The poaching war between the big AI labs reached a new high-water mark on Friday. John Jumper, a vice president and engineering fellow at Google DeepMind and a co-winner of the 2024 Nobel Prize in Chemistry for the AlphaFold protein-folding breakthrough, is leaving Google to join Anthropic. His exit lands just days after Noam Shazeer, a Google vice president and a co-lead of the Gemini models, announced he was leaving for OpenAI. Losing two senior, marquee researchers in the same week is a real signal about how intense the competition for elite AI talent has become.

For everyone outside the labs, the takeaway is less about any single hire and more about the churn underneath the tools you use. The people who build frontier models are moving between Google, OpenAI, and Anthropic at a pace that reshapes roadmaps, and the companies are paying enormous sums to win them. That competition tends to speed up the release of new capabilities, but it also means the lab leading on a given benchmark today may not be the one leading six months from now.

In short: Anthropic hired Google DeepMind's John Jumper, a Nobel laureate, days after Google lost a top Gemini leader to OpenAI, underscoring a fierce AI talent war.

What it means for your business: The frontier is genuinely a three-horse race, and leadership keeps trading hands. If you are choosing an AI provider, do not over-anchor on whoever looks slightly ahead this quarter, because the gap is narrow and the talent driving it is mobile.

My take: Headlines about star hires are fun, but the practical lesson is to stay flexible. Build your AI workflows so you can swap the underlying model without a rewrite, and re-evaluate which provider fits your needs a couple of times a year rather than marrying one.

Source: CNBC

🛡️ IT and security: a big government data breach

A Texas agency exposed personal data for more than 3 million people

The Texas Parks and Wildlife Department (TPWD) disclosed a breach at the outside vendor that runs its hunting and fishing license system, exposing personal information for 3,087,721 license holders. The Texas Cyber Command spotted the intrusion and investigated. The good news is that Social Security numbers, dates of birth, and financial details like credit cards were not taken. The bad news is what was: driver's license information, passport numbers, email addresses, phone numbers, and home addresses, which is plenty for criminals to build convincing phishing and impersonation scams. TPWD is offering affected customers a year of free credit monitoring and is urging them to watch for fraud.

This is, once again, a third-party breach. The state agency itself was not hacked; its license vendor was.

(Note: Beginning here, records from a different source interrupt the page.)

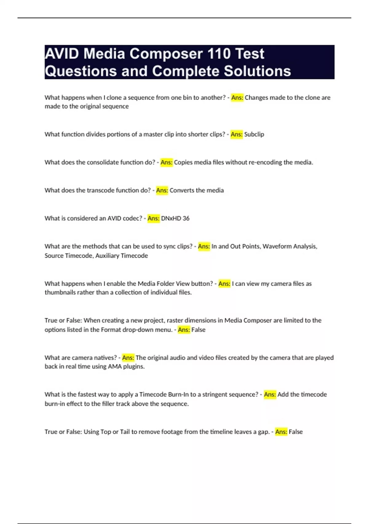 AVID Media Composer 110 Test Questions and Complete Rationales
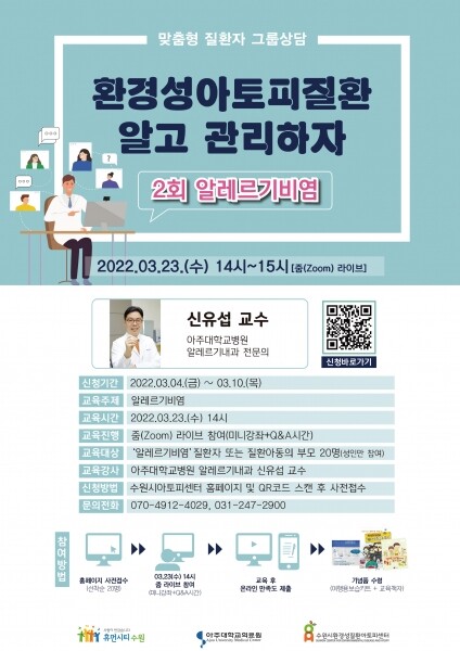 3월 23일 오후 2시부터 한 시간 동안 온라인으로 진행되는 맞춤형 질환자 그룹 상담은 아주대학교병원 알레르기내과 전문의 신유섭 교수가 알레르기비염 원인과 증상, 진단·관리 방법, 올바른 치료법 등을 설명한 후 참가자의 질문을 받는 방식으로 진행된다.
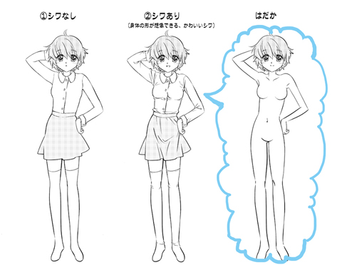 キャラにかわいい服を着せればかわいくなる……という単純なことでなく、たとえ平凡な服であっても『しわの描き方』を変えれば、かわいく見せることができるかと思います
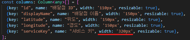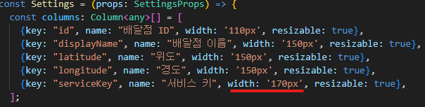 2-1. 해당 컴포넌트의 컬럼의 길이를 수동 설정하여 Datagrid의 넓이 보다 작게 맞춰줌
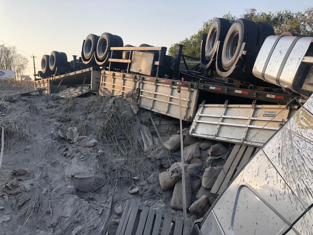 O caminhoneiro foi socorrido e encaminhado a UPA Marechal, a carreta transportava sacos de cimento, parte da carga ficou espalhada nas margens da rodovia.
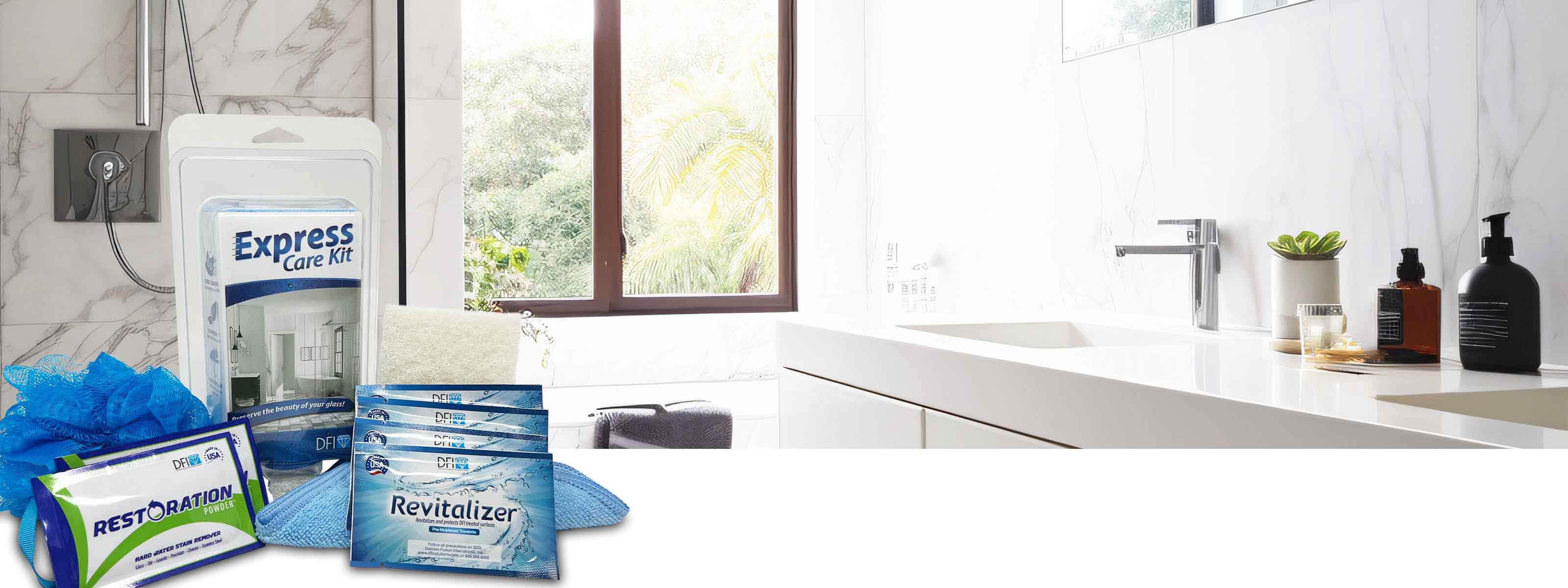 If your glass surfaces start to form stains or the DFI protective coating applied to the glass begins to wane, look no further than DFI’s aftercare products. Each product (kit) has everything you need to keep your glass surfaces looking beautiful – whether you need to remove unwanted hard water stains and soap scum or cut cleaning time by applying an easy-to-clean glass coating.

That pattern, where your data is exposed through a partner you handed it to, is the connective tissue between this story and the Klue breach above.

In short: A breach at a Texas Parks and Wildlife license vendor exposed driver's license and passport data for over 3 million Texans, though no Social Security or financial data was taken.

What it means for your business: If you collect customer data and pass it to a vendor to process, their breach is still your customers' problem and often your reputational problem. Know who holds your data and what they are contractually required to do if they lose it.

My take: When a breach exposes driver's license and passport numbers, the long tail is identity-themed phishing. If you or your staff are among the millions here, expect "official" emails and texts about your license or your data, and treat unexpected requests for information or payment with suspicion no matter how legitimate they look.

Source: BleepingComputer

The bottom line

The thread running through the weekend is third-party risk. Two of today's three stories are breaches that happened to someone else's systems and landed on the victims anyway, whether that is a sales tool plugged into Salesforce or a state agency's license vendor. The practical move is the same in both cases: know who holds your data, kill access you no longer use, and rotate credentials before someone finds the one you forgot. On the AI side, the talent keeps moving, so keep your options open and avoid betting everything on one provider.

That is your AI and IT news for June 22, 2026. See you in the next one.